The Collegian
Saturday, April 20, 2024

Movie Review: (500) Days of Summer

Grade: A-

Starring: Zooey Deschanel, Joseph Gordon-Levitt, Geoffrey Arend, Chloe Moretz and Matthew Gray Gubler.

Why it gets an A- :

Warning: This is a movie about real life. I know this because I've lived through it. In fact, at this point I could've written it myself. Who wants to see a romantic comedy about real life, you ask? Well, first off, it's not a comedy. Second, you'd be surprised at the number of single guys

and grannies hogging the stadium seating.

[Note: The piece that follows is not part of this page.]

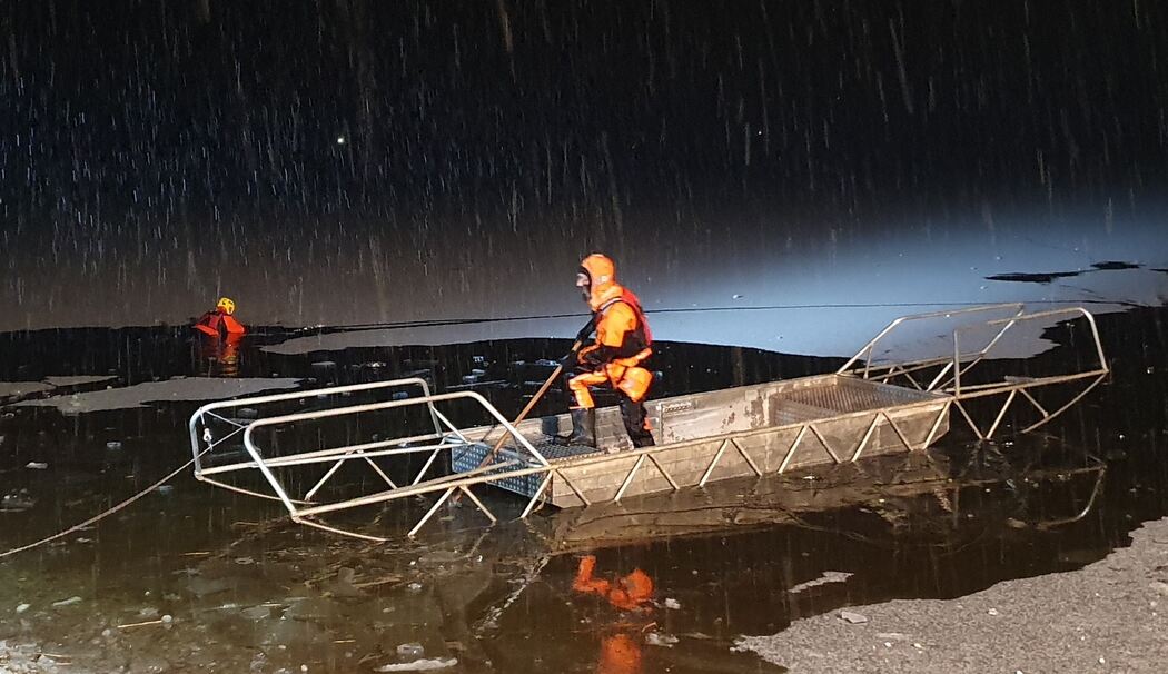 Ein entscheidender Faktor bei der Eisrettung ist natürlich die Zeit, da das eiskalte Wasser direkt unter der Eisdecke dem Körper rasant die Wärme entzieht. Nicht zu unterschätzen ist auch, dass das Einbrechen und in der Folge das Abtreiben unter einer Eisdecke auch lebensbedrohende Gefahren für die Rettungskräfte birgt. Daher ist trotz aller gebotenen Eile eine gewisse Eigensicherung unerlässlich.

The film, which stars Zooey Deschanel and Joseph Gordon-Levitt, deals with the dirty ending of a one-sided romance. Deschanel doesn't believe in love and Gordon-Levitt has lived his whole life in desperate pursuit of it. The characters -- so honest and normal -- are flawed, curious and carefree. They're young and experimental. They are suspiciously ... like me. Together, they create a romantic movie with genuine, stunted disappointments and quiet revelations that climaxes with a profound moment of clarification for the young lovers. Two ordinary people knotted together disentangle themselves and survive with their souls intact — a great premise for a Sundance film.

As is usually the case, romantic movies have been hit or miss this year. Travesties such as "Confessions of a Shopaholic," "Bride Wars" and "The Ugly Truth" were about as repulsive as the ditzy female characters that populated them, cluttering the screen with their intolerable cluelessness and screeches about love and sacrifice. Meanwhile, "He's Just Not That Into You" and "The Proposal" surprised me with their quirky, fresh takes on that crazy little thing called accidental love, and carried me away to idyllic Loveland. But "(500) Days of Summer" stranded me in Los Angeles, where the movie takes place, mesmerized by the quiet subtlety and power of a straightforward romance amidst a thousand convoluted ones.

Something so simple seems destined to fall flat on the big screen, but it doesn't. The light in Deschanel's eyes and the emotional limp the ordeal leaves Gordon-Levitt with, lifts the story up and manages to evade predictability. The film abstains from a conventional happy ending but gives the characters and audience closure -- the kind that can remain so elusive when a relationship falls apart.